▶ GIVEN RECORDS:
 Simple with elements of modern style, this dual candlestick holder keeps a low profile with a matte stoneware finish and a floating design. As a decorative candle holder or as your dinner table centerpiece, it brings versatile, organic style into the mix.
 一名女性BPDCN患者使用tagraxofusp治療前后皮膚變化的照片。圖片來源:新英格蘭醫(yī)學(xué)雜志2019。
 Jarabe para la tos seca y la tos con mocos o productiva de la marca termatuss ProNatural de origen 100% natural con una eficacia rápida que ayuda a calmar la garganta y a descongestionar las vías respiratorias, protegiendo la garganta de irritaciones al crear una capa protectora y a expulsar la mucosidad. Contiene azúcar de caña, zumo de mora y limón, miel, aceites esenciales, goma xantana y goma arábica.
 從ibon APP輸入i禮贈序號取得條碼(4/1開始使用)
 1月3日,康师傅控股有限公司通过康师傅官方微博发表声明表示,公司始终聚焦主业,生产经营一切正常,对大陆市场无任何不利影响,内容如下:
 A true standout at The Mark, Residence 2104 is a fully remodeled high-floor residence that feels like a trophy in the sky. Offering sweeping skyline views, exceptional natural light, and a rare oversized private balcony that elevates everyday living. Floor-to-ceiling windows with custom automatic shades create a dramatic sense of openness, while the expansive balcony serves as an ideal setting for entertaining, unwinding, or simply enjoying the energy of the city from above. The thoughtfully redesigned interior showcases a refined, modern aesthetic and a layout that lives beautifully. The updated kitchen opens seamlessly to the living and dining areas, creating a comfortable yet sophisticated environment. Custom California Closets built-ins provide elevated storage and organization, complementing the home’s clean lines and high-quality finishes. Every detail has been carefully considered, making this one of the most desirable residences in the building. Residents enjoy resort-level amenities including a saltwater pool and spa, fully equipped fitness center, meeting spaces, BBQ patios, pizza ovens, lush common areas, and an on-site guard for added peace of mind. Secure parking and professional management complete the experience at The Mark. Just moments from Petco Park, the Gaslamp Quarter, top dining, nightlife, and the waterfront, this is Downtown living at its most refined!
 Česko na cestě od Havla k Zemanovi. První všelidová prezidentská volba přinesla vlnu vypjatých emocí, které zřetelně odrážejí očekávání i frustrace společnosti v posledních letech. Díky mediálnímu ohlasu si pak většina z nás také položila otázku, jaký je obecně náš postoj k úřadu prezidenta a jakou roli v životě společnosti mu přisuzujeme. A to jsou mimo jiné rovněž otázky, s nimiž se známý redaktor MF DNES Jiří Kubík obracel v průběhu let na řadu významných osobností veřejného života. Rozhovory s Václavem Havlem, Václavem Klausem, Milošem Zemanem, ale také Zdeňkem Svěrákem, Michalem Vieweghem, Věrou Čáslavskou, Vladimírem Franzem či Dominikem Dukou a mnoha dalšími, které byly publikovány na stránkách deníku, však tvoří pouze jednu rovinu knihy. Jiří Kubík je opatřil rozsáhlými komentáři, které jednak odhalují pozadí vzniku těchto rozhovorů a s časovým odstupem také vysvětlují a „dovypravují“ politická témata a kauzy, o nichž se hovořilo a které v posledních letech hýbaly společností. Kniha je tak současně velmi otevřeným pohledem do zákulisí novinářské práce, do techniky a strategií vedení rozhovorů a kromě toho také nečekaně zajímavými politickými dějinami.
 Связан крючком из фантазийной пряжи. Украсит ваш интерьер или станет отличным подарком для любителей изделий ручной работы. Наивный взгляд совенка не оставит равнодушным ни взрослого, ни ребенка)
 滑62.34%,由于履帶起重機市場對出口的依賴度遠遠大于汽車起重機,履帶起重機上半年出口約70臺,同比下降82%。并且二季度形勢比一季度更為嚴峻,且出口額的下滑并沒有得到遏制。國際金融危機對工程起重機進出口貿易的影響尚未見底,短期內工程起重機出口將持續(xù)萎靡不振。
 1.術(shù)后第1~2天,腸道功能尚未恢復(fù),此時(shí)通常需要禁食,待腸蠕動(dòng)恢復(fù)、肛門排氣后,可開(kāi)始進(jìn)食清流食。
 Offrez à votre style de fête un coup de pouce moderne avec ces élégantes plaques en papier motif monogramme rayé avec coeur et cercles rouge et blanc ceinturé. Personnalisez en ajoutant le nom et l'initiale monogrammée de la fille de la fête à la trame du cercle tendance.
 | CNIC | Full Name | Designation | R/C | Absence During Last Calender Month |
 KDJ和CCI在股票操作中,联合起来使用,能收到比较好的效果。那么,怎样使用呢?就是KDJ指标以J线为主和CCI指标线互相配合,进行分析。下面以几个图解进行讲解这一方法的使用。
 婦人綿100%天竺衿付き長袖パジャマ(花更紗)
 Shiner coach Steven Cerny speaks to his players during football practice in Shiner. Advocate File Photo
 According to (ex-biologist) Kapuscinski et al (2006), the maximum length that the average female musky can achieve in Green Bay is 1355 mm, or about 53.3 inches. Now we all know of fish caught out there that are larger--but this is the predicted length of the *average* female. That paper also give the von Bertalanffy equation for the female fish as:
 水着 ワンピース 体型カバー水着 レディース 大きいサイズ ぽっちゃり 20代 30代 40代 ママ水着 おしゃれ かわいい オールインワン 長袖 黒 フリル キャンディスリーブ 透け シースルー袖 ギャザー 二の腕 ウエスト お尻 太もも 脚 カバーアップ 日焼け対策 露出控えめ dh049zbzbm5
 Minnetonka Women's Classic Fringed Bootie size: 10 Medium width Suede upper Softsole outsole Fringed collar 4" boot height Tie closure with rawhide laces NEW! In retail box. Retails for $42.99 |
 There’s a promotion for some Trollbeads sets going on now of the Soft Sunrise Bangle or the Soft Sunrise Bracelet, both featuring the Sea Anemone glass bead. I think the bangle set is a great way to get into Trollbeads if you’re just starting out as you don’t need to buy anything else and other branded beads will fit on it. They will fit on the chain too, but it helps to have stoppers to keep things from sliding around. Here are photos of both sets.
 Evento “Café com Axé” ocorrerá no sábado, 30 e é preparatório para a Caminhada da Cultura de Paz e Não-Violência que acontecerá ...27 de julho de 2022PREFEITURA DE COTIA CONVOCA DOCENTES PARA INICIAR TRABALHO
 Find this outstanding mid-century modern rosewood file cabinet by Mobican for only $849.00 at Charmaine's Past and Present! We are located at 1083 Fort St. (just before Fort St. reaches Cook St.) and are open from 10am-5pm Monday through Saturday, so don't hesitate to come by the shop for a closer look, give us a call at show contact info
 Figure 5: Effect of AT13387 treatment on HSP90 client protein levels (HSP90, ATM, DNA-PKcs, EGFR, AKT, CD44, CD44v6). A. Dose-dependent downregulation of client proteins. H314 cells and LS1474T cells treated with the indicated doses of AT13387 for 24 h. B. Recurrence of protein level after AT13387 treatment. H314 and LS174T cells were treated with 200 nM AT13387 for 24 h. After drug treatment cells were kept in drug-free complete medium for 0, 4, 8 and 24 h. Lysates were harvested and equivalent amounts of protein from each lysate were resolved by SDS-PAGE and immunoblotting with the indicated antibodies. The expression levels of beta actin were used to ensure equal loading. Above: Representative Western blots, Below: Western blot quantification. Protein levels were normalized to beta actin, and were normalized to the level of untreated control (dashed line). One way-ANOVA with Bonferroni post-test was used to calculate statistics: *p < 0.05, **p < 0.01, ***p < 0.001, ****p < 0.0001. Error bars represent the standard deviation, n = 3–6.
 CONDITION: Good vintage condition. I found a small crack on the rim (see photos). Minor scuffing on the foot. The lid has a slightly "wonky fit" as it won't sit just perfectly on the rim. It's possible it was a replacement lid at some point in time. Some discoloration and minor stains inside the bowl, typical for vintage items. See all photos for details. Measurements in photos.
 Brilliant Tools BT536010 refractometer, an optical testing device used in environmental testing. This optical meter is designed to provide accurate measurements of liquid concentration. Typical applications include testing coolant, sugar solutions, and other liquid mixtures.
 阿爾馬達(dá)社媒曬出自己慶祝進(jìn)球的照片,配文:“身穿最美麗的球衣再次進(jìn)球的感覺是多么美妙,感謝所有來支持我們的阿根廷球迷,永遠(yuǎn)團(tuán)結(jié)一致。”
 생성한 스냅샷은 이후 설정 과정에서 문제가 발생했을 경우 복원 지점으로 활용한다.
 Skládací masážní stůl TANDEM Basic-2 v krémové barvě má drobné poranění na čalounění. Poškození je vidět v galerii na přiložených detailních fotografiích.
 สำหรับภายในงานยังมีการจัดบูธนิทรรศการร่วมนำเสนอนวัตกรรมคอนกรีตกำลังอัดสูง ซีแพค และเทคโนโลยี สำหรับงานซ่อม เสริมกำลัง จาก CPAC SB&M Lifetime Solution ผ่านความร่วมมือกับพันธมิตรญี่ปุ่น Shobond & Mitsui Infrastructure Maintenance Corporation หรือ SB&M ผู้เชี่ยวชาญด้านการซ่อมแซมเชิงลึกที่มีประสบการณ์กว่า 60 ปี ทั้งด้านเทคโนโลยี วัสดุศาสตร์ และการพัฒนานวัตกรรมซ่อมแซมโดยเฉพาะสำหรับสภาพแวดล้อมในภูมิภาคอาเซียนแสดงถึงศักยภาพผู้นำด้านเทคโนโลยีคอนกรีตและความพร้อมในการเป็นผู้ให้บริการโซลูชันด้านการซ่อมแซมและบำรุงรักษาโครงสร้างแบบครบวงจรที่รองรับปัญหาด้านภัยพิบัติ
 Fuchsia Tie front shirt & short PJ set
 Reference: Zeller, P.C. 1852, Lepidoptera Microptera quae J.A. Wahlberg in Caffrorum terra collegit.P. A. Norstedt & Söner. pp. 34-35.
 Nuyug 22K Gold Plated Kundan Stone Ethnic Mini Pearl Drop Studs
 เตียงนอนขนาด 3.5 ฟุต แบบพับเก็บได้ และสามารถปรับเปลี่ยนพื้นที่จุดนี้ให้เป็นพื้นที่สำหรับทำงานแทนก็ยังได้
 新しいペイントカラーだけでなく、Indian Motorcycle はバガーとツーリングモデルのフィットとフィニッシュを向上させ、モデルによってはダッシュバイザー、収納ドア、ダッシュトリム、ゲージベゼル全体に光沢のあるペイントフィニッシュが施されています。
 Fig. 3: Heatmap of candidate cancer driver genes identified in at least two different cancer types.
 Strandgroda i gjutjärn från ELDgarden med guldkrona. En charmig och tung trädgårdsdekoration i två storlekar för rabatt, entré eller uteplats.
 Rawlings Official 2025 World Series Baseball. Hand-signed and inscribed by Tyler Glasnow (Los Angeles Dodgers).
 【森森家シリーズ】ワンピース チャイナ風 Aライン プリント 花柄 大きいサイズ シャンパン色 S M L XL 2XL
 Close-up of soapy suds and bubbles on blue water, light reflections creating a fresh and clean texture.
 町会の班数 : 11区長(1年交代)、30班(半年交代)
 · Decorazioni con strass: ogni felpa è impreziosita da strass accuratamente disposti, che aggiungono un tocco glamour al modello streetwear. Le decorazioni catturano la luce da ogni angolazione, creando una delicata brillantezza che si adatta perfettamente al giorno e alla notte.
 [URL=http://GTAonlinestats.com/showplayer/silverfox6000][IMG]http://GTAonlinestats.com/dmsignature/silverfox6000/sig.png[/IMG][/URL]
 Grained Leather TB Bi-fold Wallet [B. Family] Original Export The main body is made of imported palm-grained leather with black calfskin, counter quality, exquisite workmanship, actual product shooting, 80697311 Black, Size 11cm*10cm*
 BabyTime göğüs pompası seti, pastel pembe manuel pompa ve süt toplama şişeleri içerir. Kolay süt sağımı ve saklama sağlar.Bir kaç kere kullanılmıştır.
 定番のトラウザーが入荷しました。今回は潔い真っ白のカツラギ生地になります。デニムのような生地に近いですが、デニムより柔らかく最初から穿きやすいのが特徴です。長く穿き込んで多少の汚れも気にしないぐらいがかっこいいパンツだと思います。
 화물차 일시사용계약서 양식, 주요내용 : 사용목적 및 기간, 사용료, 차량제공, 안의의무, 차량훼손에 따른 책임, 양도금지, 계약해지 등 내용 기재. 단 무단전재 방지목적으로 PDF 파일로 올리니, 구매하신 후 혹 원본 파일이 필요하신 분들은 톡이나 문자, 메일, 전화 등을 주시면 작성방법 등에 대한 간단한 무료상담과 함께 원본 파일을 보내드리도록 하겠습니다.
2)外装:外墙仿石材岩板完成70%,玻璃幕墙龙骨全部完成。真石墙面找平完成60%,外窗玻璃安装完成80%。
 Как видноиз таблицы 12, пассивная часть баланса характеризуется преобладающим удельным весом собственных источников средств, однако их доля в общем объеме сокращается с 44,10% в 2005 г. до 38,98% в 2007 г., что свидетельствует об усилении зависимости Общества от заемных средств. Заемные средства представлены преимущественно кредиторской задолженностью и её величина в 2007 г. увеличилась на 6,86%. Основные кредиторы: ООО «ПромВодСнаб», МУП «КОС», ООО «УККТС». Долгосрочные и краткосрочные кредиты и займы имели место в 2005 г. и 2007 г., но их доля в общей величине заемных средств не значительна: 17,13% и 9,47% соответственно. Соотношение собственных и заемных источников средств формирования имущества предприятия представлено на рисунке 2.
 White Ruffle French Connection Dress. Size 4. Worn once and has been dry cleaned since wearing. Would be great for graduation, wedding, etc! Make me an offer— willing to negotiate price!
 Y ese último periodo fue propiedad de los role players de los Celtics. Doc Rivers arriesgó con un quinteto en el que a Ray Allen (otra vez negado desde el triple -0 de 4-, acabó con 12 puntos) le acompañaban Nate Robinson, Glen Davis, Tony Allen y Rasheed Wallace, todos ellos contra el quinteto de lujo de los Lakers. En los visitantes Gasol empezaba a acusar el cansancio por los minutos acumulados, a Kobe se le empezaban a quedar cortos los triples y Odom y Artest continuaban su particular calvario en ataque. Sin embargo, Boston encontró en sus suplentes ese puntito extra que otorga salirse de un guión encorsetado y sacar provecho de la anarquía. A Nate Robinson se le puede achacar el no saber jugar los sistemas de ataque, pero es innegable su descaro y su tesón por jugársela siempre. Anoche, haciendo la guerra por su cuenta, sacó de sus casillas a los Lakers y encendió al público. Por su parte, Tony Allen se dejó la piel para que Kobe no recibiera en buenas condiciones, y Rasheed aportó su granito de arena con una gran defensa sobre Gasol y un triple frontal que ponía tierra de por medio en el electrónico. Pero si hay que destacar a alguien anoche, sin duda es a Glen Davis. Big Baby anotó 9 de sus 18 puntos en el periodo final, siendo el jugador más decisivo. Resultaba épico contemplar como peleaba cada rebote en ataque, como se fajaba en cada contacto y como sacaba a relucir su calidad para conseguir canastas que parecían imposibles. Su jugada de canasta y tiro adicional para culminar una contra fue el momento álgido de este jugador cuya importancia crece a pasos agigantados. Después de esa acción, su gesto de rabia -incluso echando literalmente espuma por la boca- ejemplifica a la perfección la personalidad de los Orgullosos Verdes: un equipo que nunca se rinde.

▶ TASK PROMPT:
Once you reach the line with "Как видноиз таблицы" in the data above, copy it and every line after it exactly, up to and including the line with "White Ruffle French".

▶ TASK SOLUTION:
 Как видноиз таблицы 12, пассивная часть баланса характеризуется преобладающим удельным весом собственных источников средств, однако их доля в общем объеме сокращается с 44,10% в 2005 г. до 38,98% в 2007 г., что свидетельствует об усилении зависимости Общества от заемных средств. Заемные средства представлены преимущественно кредиторской задолженностью и её величина в 2007 г. увеличилась на 6,86%. Основные кредиторы: ООО «ПромВодСнаб», МУП «КОС», ООО «УККТС». Долгосрочные и краткосрочные кредиты и займы имели место в 2005 г. и 2007 г., но их доля в общей величине заемных средств не значительна: 17,13% и 9,47% соответственно. Соотношение собственных и заемных источников средств формирования имущества предприятия представлено на рисунке 2.
 White Ruffle French Connection Dress. Size 4. Worn once and has been dry cleaned since wearing. Would be great for graduation, wedding, etc! Make me an offer— willing to negotiate price!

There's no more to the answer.